The
calculation of X-ray emission spectra has been addressed with
the algebraic diagrammatic construction (ADC) scheme, using a core-ionized
wave function as the reference state. With this, the valence-to-core
transitions are found as the first eigenstates with negative eigenvalues.
The performance of the ADC hierarchical methods ADC(2), ADC(2)-x,
and ADC(3/2) has been investigated on 17 transition of second-row
elements (C, N, O, F, and Ne), and 5 transitions of third-row elements
(S and Cl). We report ADC(2) results within 0.20 ± 0.36 eV of
experimental values with an appropriate choice of basis set and when
accounting for relativistic effects, with a slight tendency toward
underestimating emission energies.

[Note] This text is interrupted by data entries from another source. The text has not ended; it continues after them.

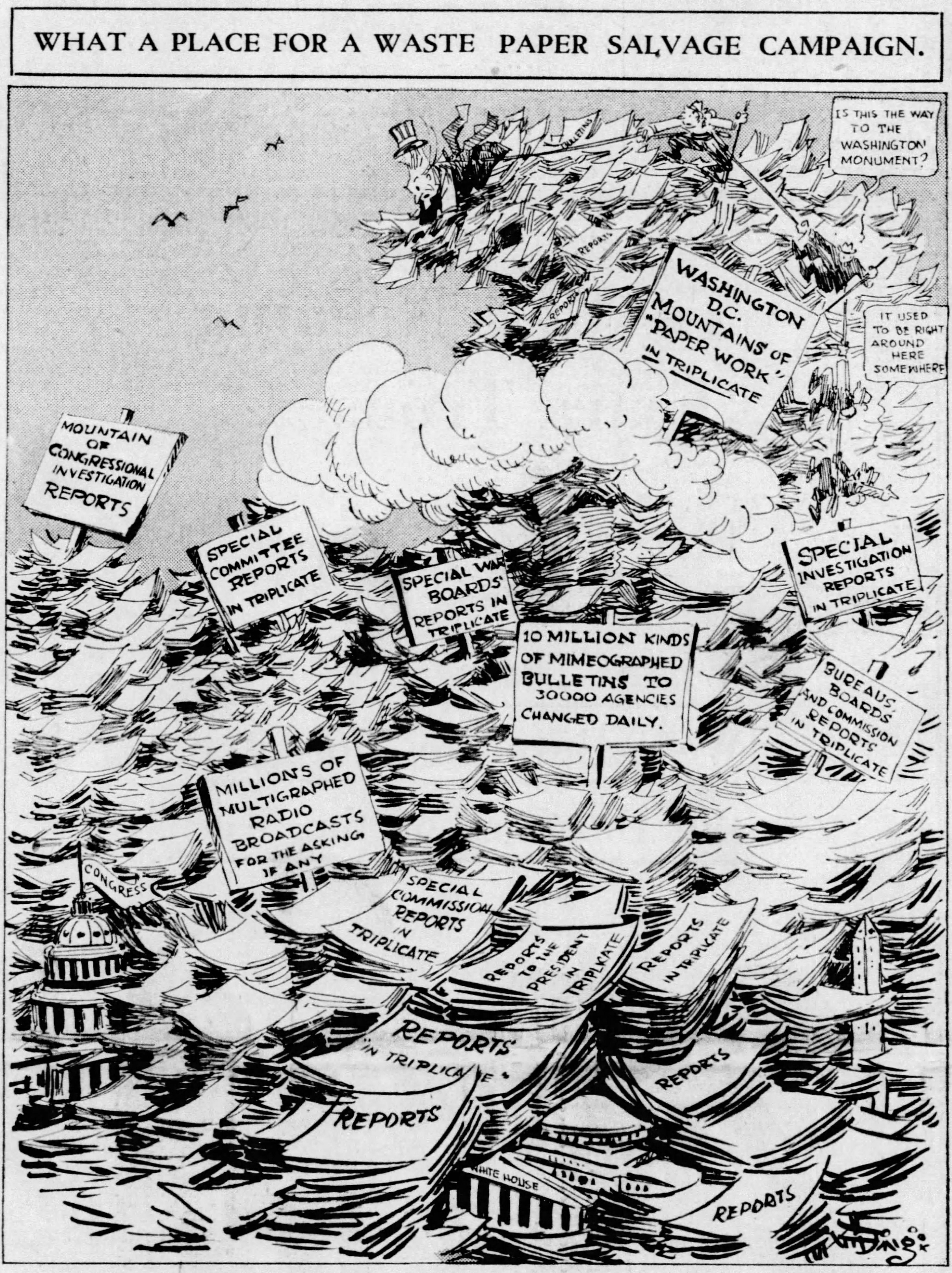 "What a Place For a Waste Paper Salvage Campaign", winner of the 1943 Pulitzer Prize for Editorial Cartooning.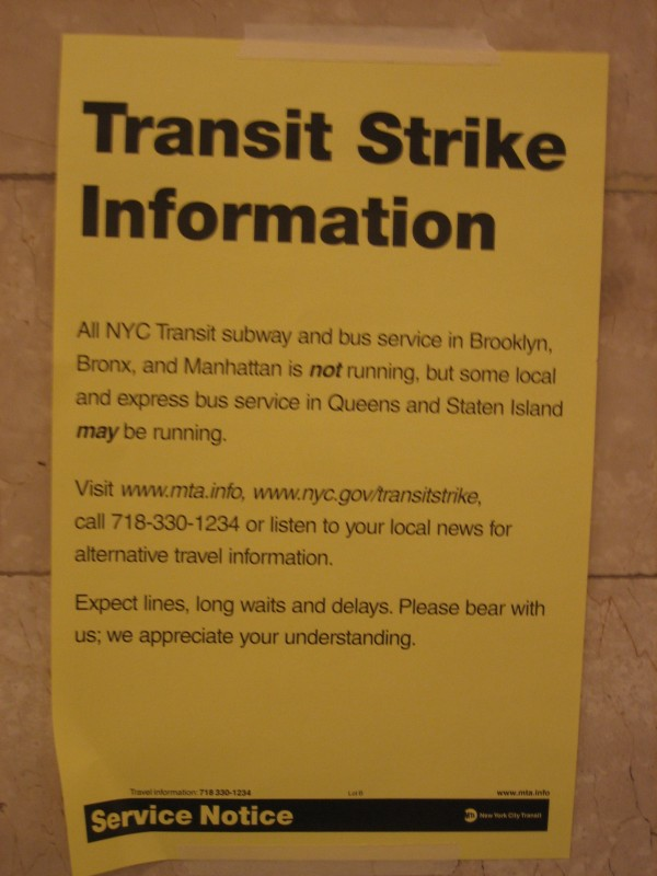 en:2005 New York City transit strike notice as posted at Grand Central Terminal by the Metropolitan Transportation Authority (New York).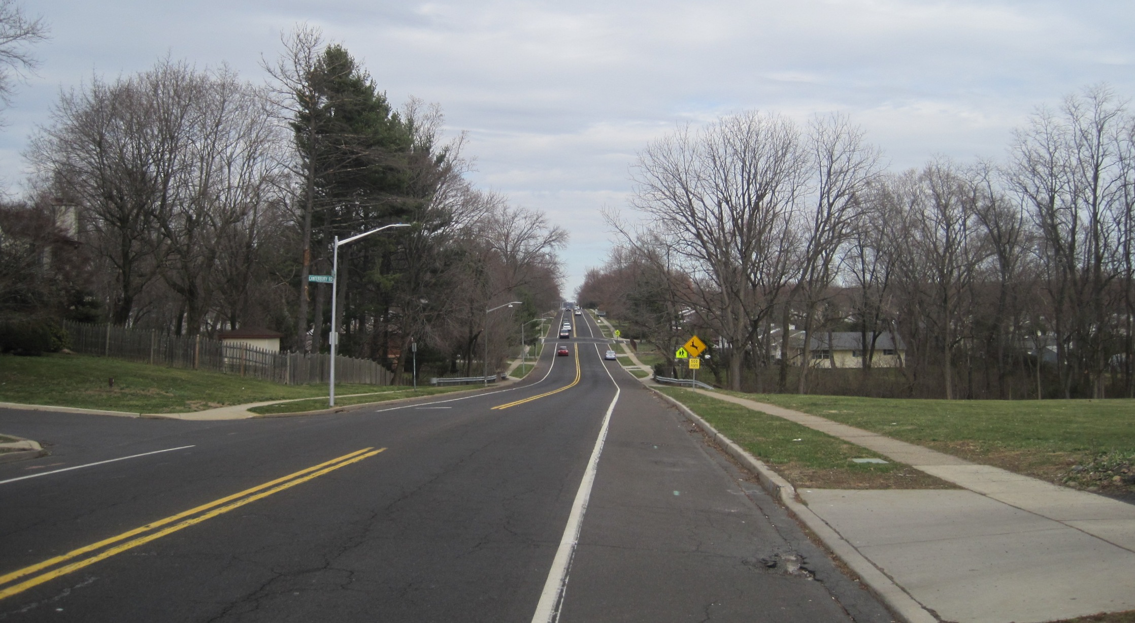 Photo of Fairless Hills, Pennsylvania, a census-designated place within Falls Township, Bucks County. Photo taken on eastbound Trenton Road at the intersection of Canterbury Road.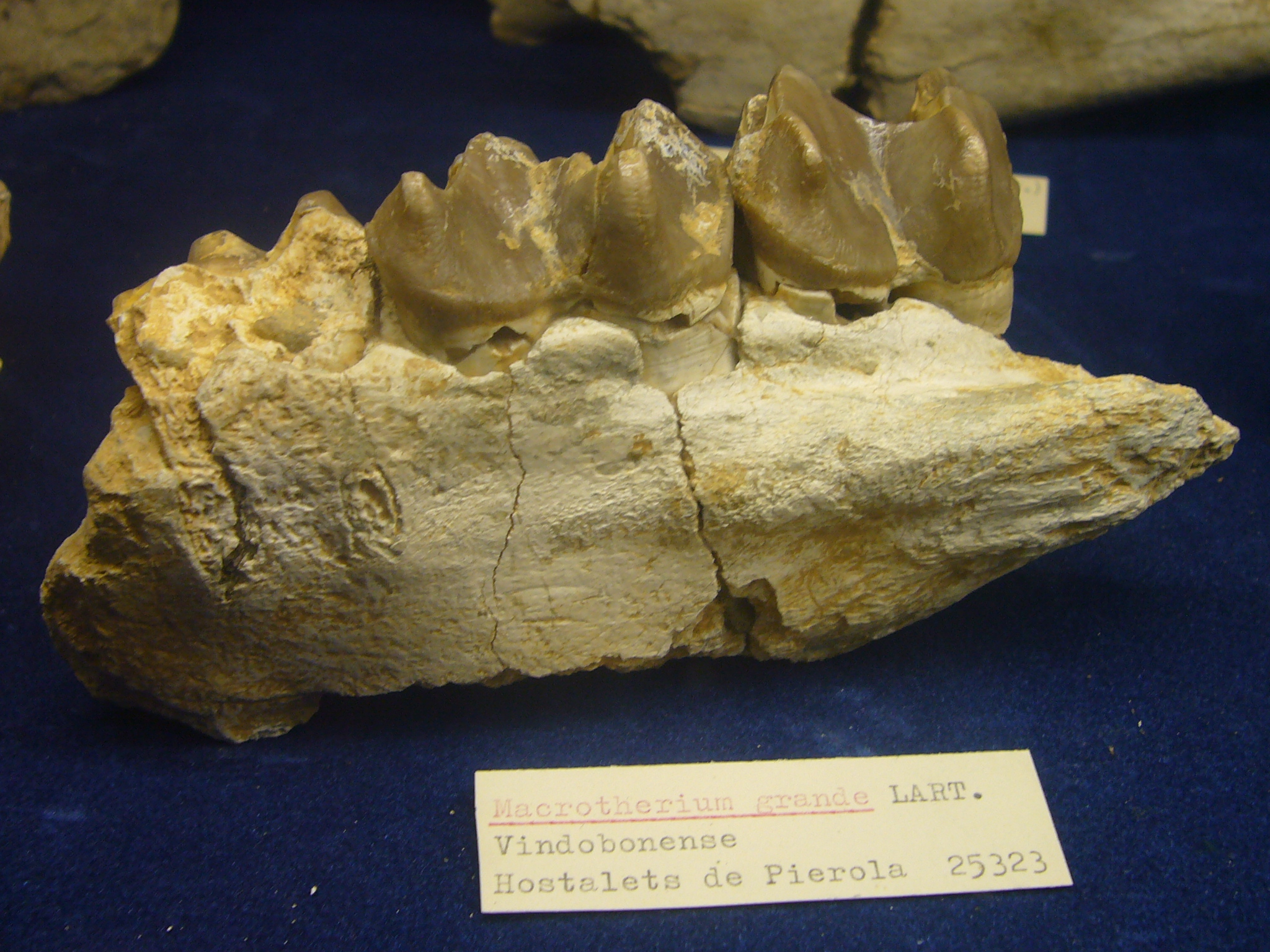 Macrotherium grande. Fossils. Collection of paleontology of the Geological Museum of the Barcelona Seminari (Museu Geològic del Seminari de Barcelona).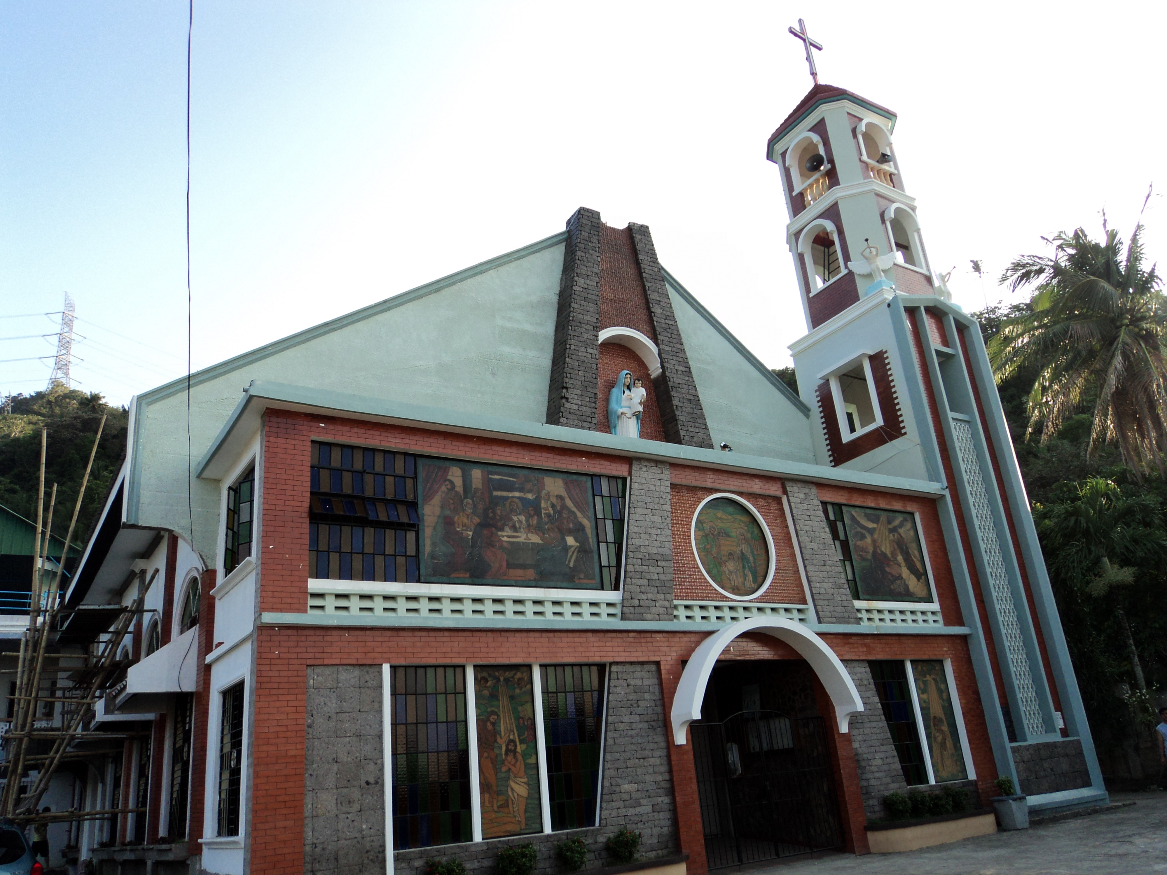 The Most Holy Rosary Parish in Plaridel, Quezon

By comparison, ADC(2)-x yields
a similar spread in relative energies, but a consistent overestimation
of approximately 1.5 eV. Going to ADC(3/2), we now observe an underestimation
of emission energies and a larger error spread. By comparison, calculations
of X-ray absorption spectra have been reported to favor the ADC(2)-x
method, with ADC(2) showing the largest error when comparing to experimental
values. The difference in ADC performance trends between these core
spectroscopies are attributed to the different electron rearrangement
effects in X-ray absorption and emission processes.